In January of this year I decided to seriously start working on my weight. I was the heaviest I had ever been in my life, and with at least four Aunts or cousins who have had gastric bypass surgery, I envisioned myself going down a very bad road that I did not want to travel. We joined the gym, and I began working out.
I fell in love with Zumba and yoga, and started lifting weights at least twice a week. I started keeping track of how much I ate, and became more aware of portion sizes. I found out that I really tend to want healthy food… I love salads, cilantro, green pepper, onion, tomato, zucchini, squash, water melon… to list a few. When eating out, I stay away from fried foods (I splurge on fried chicken from time to time, but very few and far between), and do not really like potato chips and other junk food that is the downfall of most people. My weaknesses are ice cream (which I bought for the first time this summer, yesterday) and homemade baked goods (which I do not bake very often).
I was pleasantly surprised to find that I do not eat very badly. So, why am I so heavy? Why have I only lost about ten pounds so far?
I am so tempted to join a shake club or take a weight loss pill just to lose it all as quickly as possible, but from what I read that is the least likely way to take weight off and keep it off. To take the weight off permanently, I must exercise regularly and change my eating habits permanently. I would like to have huge results in a short period of time, and every time I go to the gym without losing pounds of weight I want to walk away and do whatever I can to lose it. But: I know that persistence and patience will pay off. It may take longer, it may hurt more, and I might have to put aside my own competitive nature to do things quickly, but it will be done.

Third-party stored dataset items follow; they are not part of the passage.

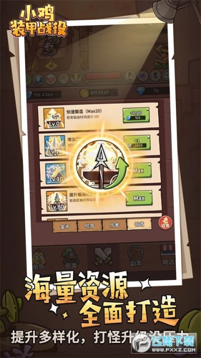 5、点击收集金币资源:通过不断点击屏幕来获取金币和资源,用于升级小鸡和农场设施,培养更强大的战斗力。
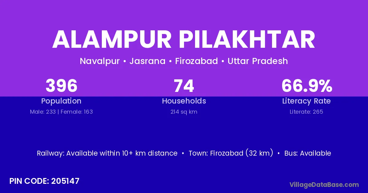 Firozabad (32 km) is the nearest town to Alampur Pilakhtar village for major economic activities and is located approximately 32 km away.
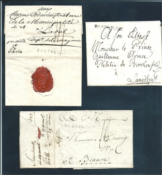 "Saarbrücken", 1803/6/7, roter (2) bzw. schwarzer L2 "101 SARREBRUCK" auf drei Briefen mit Inhalt (u.a. aus Sulzbach), Feuser 3062-4
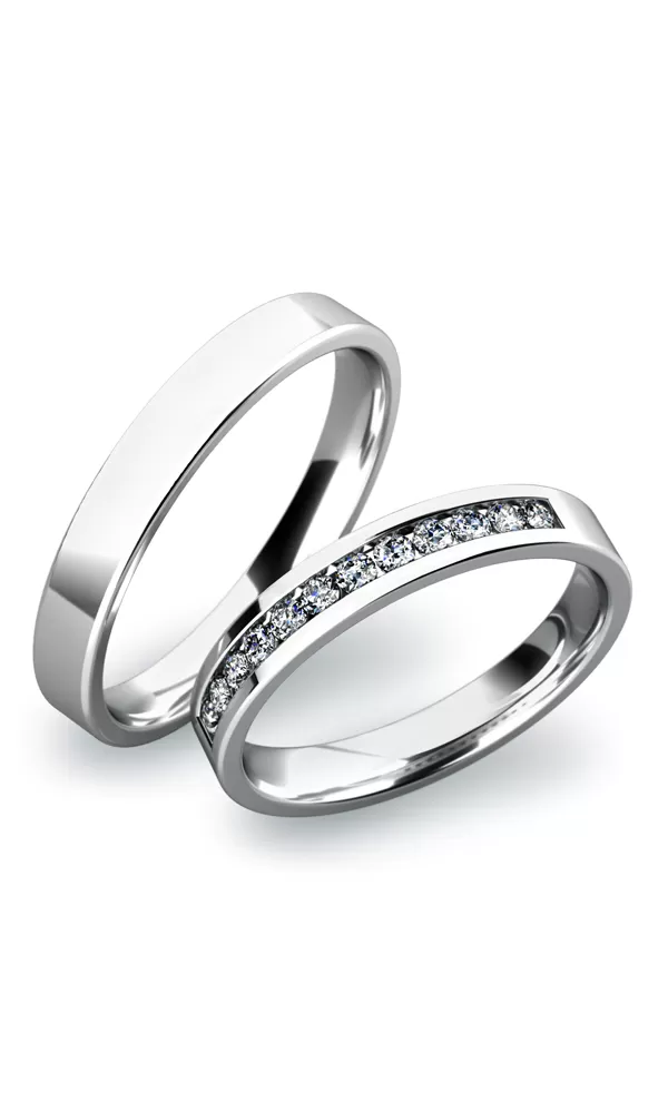 Krásné snubní prsteny v rovném profilu jsou vyrobeny z bílého čtrnáctikarátového zlata 585/1000 v lesklé povrchové úpravě. Snubní prsteny mají vnitřní Fit Profil - půlkulatou vnitřní stranu pro příjemnější nošení, nasazování a sundavání. V dámském prstenu je vsazeno dvanáct kulatých zirkonů s briliantovým brusem Signity star, který dodává zirkonům oslnivou brilanci. Do snubních prstenů si můžete nechat vsadit také diamanty. Kameny jsou do prstenu vsazeny "do krapniček". Vsazování zirkonů i diamantů provádějí naši nejzkušenější mistři zlatníci ručně pod mikroskopem s přesností na 0,01mm a proto nehrozí vypadnutí kamínků jako to bývá u strojně vyráběných snubních prstenů.

Yet, in the meantime, I am going to stop doing the following:
1. Talk bad about myself or my body. Regardless of what I weigh, God is still good, I am still His Creation, and I will hold my head high and walk with confidence in who God made me to be.
2. Not compare myself to others who may be losing it more quickly than I am. My journey is my own with God, and it does no good to expect the same results as the person next to me.
I would also like to point out that I want to be strong, not skinny. Healthy; not thin. I want muscle. I want to feel like I can run, play, hike, swim, and move without hurting myself. I have learned that I love working out! I like the way it feels when my lungs are burning, thighs are stinging, and sweat is dripping from my brow. I like feeling strong! I also enjoy having energy on a daily basis, and having an overall feeling of body awareness that I had lost in the last 9 years of having four children.
It might take me longer, but I am patient.